Example: A line L₁ has a gradient of 2. A line L₂ is perpendicular to L₁.

• To find the gradient of L₂, we use the rule: 2 × m₂ = -1
• Therefore, m₂ = -1/2.
• A quick way to find the perpendicular gradient is to find the negative reciprocal: flip the fraction and change the sign. The gradient 2 is the same as 2/1. Flipping it gives 1/2, and changing the sign gives -1/2.

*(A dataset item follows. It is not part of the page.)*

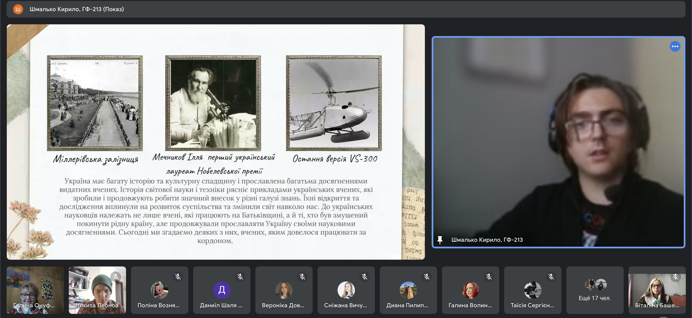 Даниїл Шаля, ГФ-213: «У моєму житті був перший виступ з презентацією на круглому столі до Дня української писемності та мови. Я радий тому, що зміг отримати такий корисний досвід.
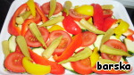 Нарезать цуккини, помидор - кружочками, паприку - дольками

Mathematical Relationships

• Equation of a Line: y = mx + c (Must memorise)
• Gradient Formula: m = (y₂ - y₁) / (x₂ - x₁) (Must memorise)
• Parallel Lines: m₁ = m₂ (Must memorise)
• Perpendicular Lines (Higher Tier): m₁ × m₂ = -1 (Must memorise)
• Midpoint of a Line Segment (Higher Tier): ((x₁ + x₂)/2, (y₁ + y₂)/2) (Given on formula sheet)
• Length of a Line Segment (Higher Tier): √((x₂ - x₁)² + (y₂ - y₁)²). This is an application of Pythagoras' theorem. (Given on formula sheet)

Practical Applications

Coordinate geometry is used extensively in the real world:

• Computer Graphics: Video games and animations use coordinate systems to position characters and objects on screen.
• Navigation: GPS systems use coordinates (latitude and longitude) to pinpoint locations and calculate routes.
• Engineering and Architecture: Blueprints for buildings and bridges rely on coordinate geometry to specify the precise location of every component.
• Business Analytics: Companies plot sales data on graphs to identify trends (gradients) and starting points (y-intercepts).